20ページ目以降ですが、20ページ目が、看護師などの学校養成所等の充足率、課程廃止の現状についてお示ししています。
20ページが、充足率の低い学校の分布を全国的に見たものでございまして、全国的に広がっているということを御覧いただければと思います。
21ページ目が、実際の課程の廃止状況を過去5年にわたってお示ししたものということで、看護師、あるいはリハ職について、手元で把握しているものをお示ししたものでございます。
もともとそれぞれの職種で母数となる学校数が違いますことから、左に分母になる課程数もお示ししているところでございます。
22ページ目以降でございますが、以降、ある県に御協力いただきまして、職種別、学校類型別に、卒業生の県内就職率などについて見たものということで、縦に職種が並んでいます。
また、その内訳で、専修学校、大学をそれぞれ国公立、民間、私立で分類しまして、県内出身率、県内就職率、卒業生割合等をお示ししたものになります。
あくまで議論の素材として比較した場合に、相対的な比較であるということ。
あと、各学校の果たしている機能が異なりますので、一概に比較評価をできるものではないのですが、実態として見ますと、専修学校の私立が県内の医療人材の供給を担っている面があるということ。
また、特定の類型の学校、何々学校という学校について、特別な評価をするものではないのですが、実態として、こうした地域の学びの場が果たしている機能を少子化のトレンドに合わせて変えていく、あるいはどう持続的に維持していくかが課題ということで、事務局も認識しています。
一方、その際、文科省からの説明の中でもございましたが、質の高い教育へのアクセスをどう確保していくかという視点も重要でして、学びの場の維持と、質の高い教育へのアクセスは、バランスを取った形で見ていく必要があると考えています。
24ページ目を御覧ください。
これもある県に御協力いただきまして、特別にお示ししたものになります。
看護職で見たとき、そして二次医療圏別で見たときに、卒業生がどの医療圏に就職しているかというデータを頂いたものになります。
表中の数字は、卒業生の数になりますが、赤枠が学校所在地になります。
御覧いただくと、一番左のイの医療圏にたくさん学校があることから見てとれるように、そこが県庁所在地がある医療圏になっています。
そのほか、医療圏の移動時間みたいなものも、ここからここまで2時間、4時間というものを示しているので、少し地理的な状況について御想像いただければと思います。
こうして見ますと、そういった地理的な状況も相まって、学校所在地の医療圏に就職する者が多いといった状況が見てとれます。
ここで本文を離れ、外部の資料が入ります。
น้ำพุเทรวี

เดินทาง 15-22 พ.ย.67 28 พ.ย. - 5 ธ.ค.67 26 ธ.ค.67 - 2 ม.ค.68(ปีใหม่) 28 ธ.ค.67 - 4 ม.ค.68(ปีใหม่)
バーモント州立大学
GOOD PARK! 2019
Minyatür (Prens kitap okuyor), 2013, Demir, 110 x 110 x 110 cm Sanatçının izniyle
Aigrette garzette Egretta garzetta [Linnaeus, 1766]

25ページ目は、高知県に御協力いただきまして、看護職について、かつ、二次医療圏別、二次救急医療機関への就職状況を見たものになりますが、医療圏をまたいだ就職が、この県については少ない状況となっています。
これらも併せまして、再度でございますが、こういう地域の学びの場が果たしている機能をしっかりと把握して、その機能維持が難しいのであれば、対応を考えていく必要性を事務局としても認識しております。
26ページ目。
看護職について見ますと、実習病院への就職率が一定程度ございまして、卒業生の地域定着を考えたときに、病院と協力しながら、対応を地域ごとに図っていく必要があるという点も共有させていただきます。
27ページ目以降が、現在の医師を除く医療従事者の確保の枠組みでございます。
28ページ目は、前回の再掲になりますが、医療法、医療計画の枠組みにおきましては、医療従事者の確保は、県において医療計画に記載いただいて取り組んでいただくとなってございます。
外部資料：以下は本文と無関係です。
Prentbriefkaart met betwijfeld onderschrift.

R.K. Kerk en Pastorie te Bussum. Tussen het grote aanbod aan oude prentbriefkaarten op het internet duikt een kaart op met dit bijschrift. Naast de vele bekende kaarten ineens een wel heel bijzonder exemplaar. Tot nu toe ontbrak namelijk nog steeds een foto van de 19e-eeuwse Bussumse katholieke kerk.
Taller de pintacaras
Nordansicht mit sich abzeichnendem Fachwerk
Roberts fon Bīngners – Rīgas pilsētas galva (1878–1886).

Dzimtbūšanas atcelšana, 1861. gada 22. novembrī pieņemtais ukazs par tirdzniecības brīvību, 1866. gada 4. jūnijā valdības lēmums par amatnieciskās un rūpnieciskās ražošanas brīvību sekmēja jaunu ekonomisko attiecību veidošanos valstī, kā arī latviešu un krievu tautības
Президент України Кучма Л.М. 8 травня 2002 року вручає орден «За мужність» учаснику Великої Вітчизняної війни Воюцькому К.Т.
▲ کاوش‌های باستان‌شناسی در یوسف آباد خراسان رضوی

29ページ目が、現在の県の医療計画における記載事項という現状でございまして、今、医療計画でどういった内容を記載するかについては、国においても、告示や通知で少し包括的にお示ししている程度でございまして、技術的助言と言われるものですが、各県の事情に応じて、こういった事項について定めているという状況でございます。
29ページ目が主な数字。
30ページ目が主な取組事項ということで、地域ごとのばらつき、あるいは職種ごとのばらつきみたいなものを御覧いただくために御用意しました。
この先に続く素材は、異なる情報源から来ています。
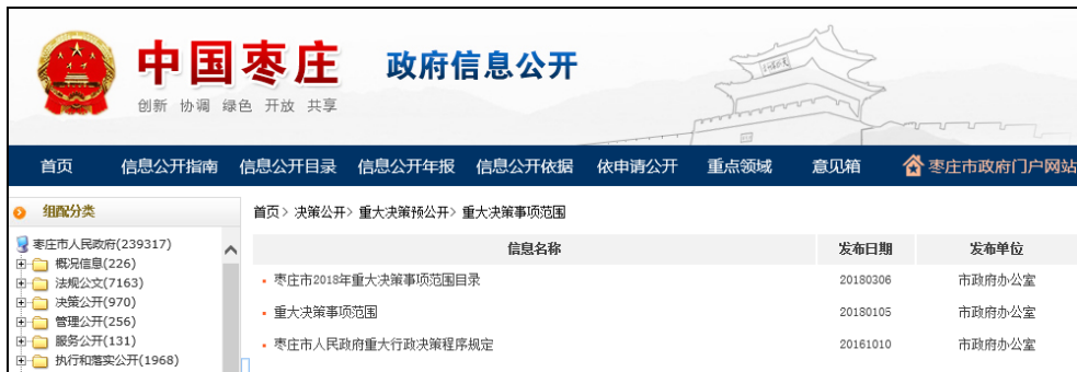
图：重大决策事项范围
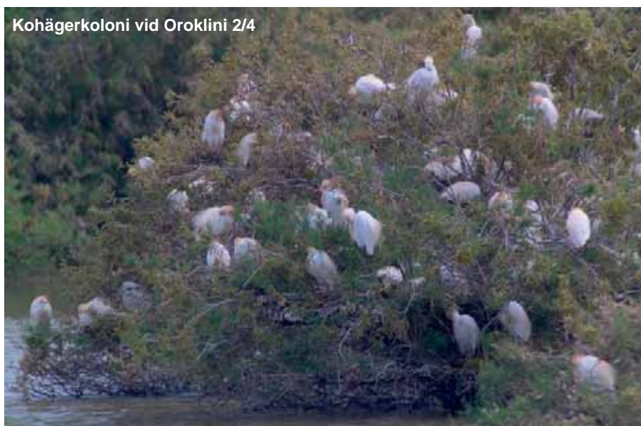
Kohägerkoloni vid Oroklini 2/4

1 ex mellan Paphos och Limasol 31/3, 1 ex Phassouri vassarna 31/3 och 1 ex norra Larnacadammarna 3/4.
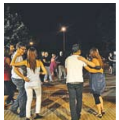
AAVV Can Carner

+ INFO: Cafè del Sol (plaça Europa) vilabarrakes@gmail.com www.facebook.com/vilabarrakes
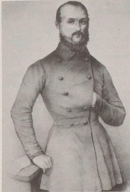
Gustav (von) Struve, der «mutmassliche» erste deutsche Staatspräsident für vier Tage. Er sorgte dafür, «dass die Dinge in Fluss kamen». Dafür hängt er jetzt im Lörracher Heimatmuseum ...
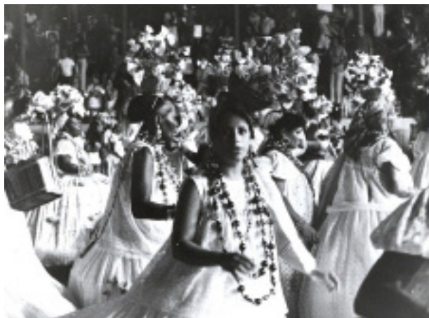
Imagem 2 – Desfile da Em cima da hora em 1972.

同じく、31ページ目以降が、地域医療介護総合確保基金における取組状況で、同じ趣旨からの御提示となります。
少しページを飛ばしまして、33ページ目以降が、新たな地域医療構想の枠組みでございますが、3月に取りまとめられた国の検討会の報告書では、人材確保も地域医療構想の協議事項であるということをお示ししているところでございます。
具体的には、34ページ、35ページを御覧いただければと思いますが、これにどのように取り組んでいくべきか、本検討会において具体化できればと考えています。
終盤でございます。
36ページ以降が、自治体の取組を紹介しております。
36~38ページは、前回の再掲ということです。
39ページ目は、高知県の例です。
看護師の供給が乏しい地域において、看護の専門学校、専修学校のサテライトということで、38ページ目は、大学のキャンパスという形で、遠隔地での学びの場の設置を示していますが、39ページ、直近の高知県の例では、専修学校の飛び地での学びの場の設置といった取組もございます。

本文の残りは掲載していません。